A few firsts

There were moments during my darker moments of stumbling through the darkness of cancer when I often thought of what it would be like to return to work as a physician. I now have about two months of working back under my belt to know that sort of like riding a bike or the first ski of the year. The second of these analogies seems more appropriate for this time of year. In fact I got in a wonderful early season ski the other evening. We got a little dusting here in town but up in the Chugach foothills we received a nice early season blanket of white. Many people had been out before I got a chance to try it out but most of the eager outdoor crowd seemed to be stuck in summer mode or overly excited about the new fat tire bike craze. What ever they were into the trail at Glen Alps was packed out and the skiing was reasonable.

I remember so many years of getting out on skis and sort of flopping around for a while to get the feeling and rhythm back to make it feel right. Many of those memories are so pleasing, early days on Rabbit ears at the campgrounds, eventually at Bruce’s trail, the college days up beyond Red Lady, and the more recent years at Glen Alps. Every year the feeling of the glide comes back a bit quicker and is even more enjoyable. This year was no different and even more rewarding. Eventually I hit the end of where everyone else dared to go. Beyond was fresh snow but hidden rocks. Despite my desire to look like Ben Husaby in that old Snickers commercial (traumatizing for most nordic skiiers as that came out when we were all skate skiing not dorking through the powder on wooden skis) I picked my way further up the valley just so I felt like I had outdone all my early season diehards. I did not ruin my skis but they do have some new wounds.
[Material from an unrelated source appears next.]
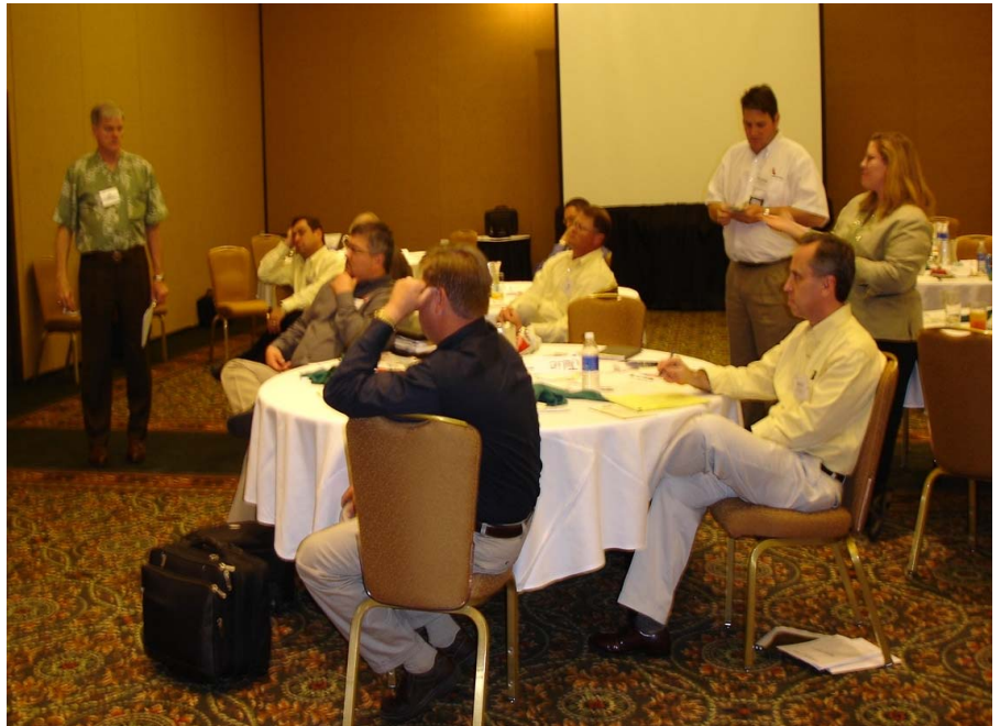
PGC workshop meetings during 2007 promoted taking a fresh view at the organization by its leadership and other involved members.

For the Protective Glazing Council (PGC), the past year of 2007 was a year of tremendous change. Strategic assessment workshops were held during the year with a professionally led group of PGC board members and interested other members assessing where the PGC now stood, where it wished to go, and how to restructure the organization to move in that stated direction. A new purpose statement with specific goals were determined for the organization; the name was changed to PGC International to better reflect its reach and membership; and steps to actively involve more members in the activities of the PGC were started. All this has created even greater influence and value of PGC membership! If you or any of your suppliers wish to get involved, just go to www.protectiveglazing.org and see what's offered.

The point of all this is that I have fallen back into the groove of working. Just like the early season strides the feeling of caring for people and directing the plan of care has not been to foreign to regain. Clearly, it is different now that I can commiserate with many of the concerns I hear about now. Still to be on this side of the worry is less dramatic to say the least. There is just no way no matter what my history is that I can truly feel or understand someone else’s situation. Yes I still feel the anxiety of looking at my labs and wondering when my world might crumble again and I remember so many of the feelings they have  but we are all different. So once I felt that more smooth delivery of my thoughts to patients I started wondering what would happen when I ran into someone with AML.

Well, it happened. Yesterday, I heard of an admission I would be taking from a partner at another hospital who had AML. As I have learned that simple three letters clearly does not give an adequate picture of the situation. My new patient had a lot of problems associated as most of us AML battlers do. I wondered how I would act when I walked in. Sort of like if you are called to the front of a room and you must walk through a crowd, you can’t help but think “how could I forget how to walk right now, something I do all the time?” which just makes it worse.  Well that is the feeling of walking into a room with a patient who carries the same diagnosis.
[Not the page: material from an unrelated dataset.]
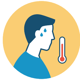
FEVER 100.4* *or school board policy if threshold is lower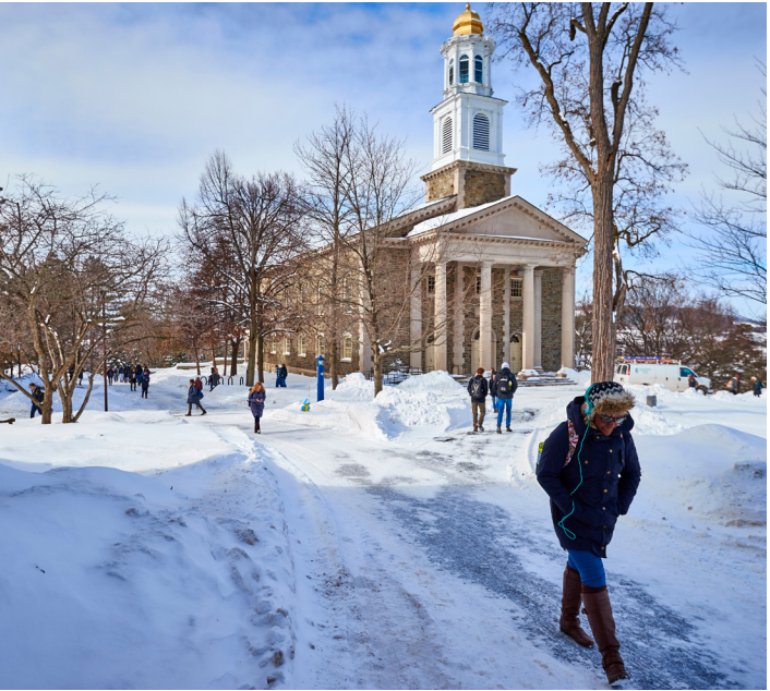
Typical winter scene by Memorial Chapel

NAME ’23 (Your name followed by class year) COLGATE UNIVERSITY CU BOX (Your Colgate University Box number) 13 OAK DRIVE HAMILTON, NY 13346 USA

I managed to revert to my learned habits. Sit at the edge of the bed, recap the story I know, ask some open enders, narrow down to the pertinent issues, get the review of systems and start to discuss the plan. Well, I got through that and didn’t even mention my AML. I was glad I could ask him about it and not cry myself. I realized at one point though I was clearly relying on my routine when I asked in my systems review if he was depressed. I immediately knew what a dumb question that was. I got asked this many times and so many times I just wanted to say ” what do you F—ing think?” I caught myself really quick and before he could answer said “wait let me explain” and I reminded him that everything he was feeling was okay.

Depression carries this weird stigma of weakness but in so many cases it is not pathological but just an appropriate response to a horrible situation. There is clearly depression which is troublesome but his was, just like many of my patients, and my own was the right thing to feel. After explaining I rephrased, and asked how he was coping. More open ended and we started talking more. I eventually did tell him we had the same Oncologist and the same cancer diagnosis. I didn’t expect anything from him in response and we moved on. Later it made me wonder how many of my own providers through this have had horrendous disease of their own. As I drove home thinking about this I felt sort of like an ass that I didn’t take more time to think of my providers along the way. My guess is this is more along the pathological thought processing than normal. Still I think I will pay attention to them a bit more in the future.

As I seem to be wading through my feelings of my encounter today and think ahead to the next week I will have with him I realize I really miss writing. I have some many thoughts about my days. My first ski of the year, my daily encounters, my thoughts of the past, my lessons of the past come to bear on the now, my stories of my life and those of my wonderfully developing family. I wish I had some more time to write. Just like the routine of an early season ski the routine of my day’s has become hectic again. I have more joy in my days also and that makes my thoughts seem less poignant. Still amidst the wonder and struggle of life there is always so much to reflect on at the end of the day or in the few minutes sandwiched in between activities. This is better than tripping in the darkness of cancer.

Head Up, Heart Strong. I need a cure.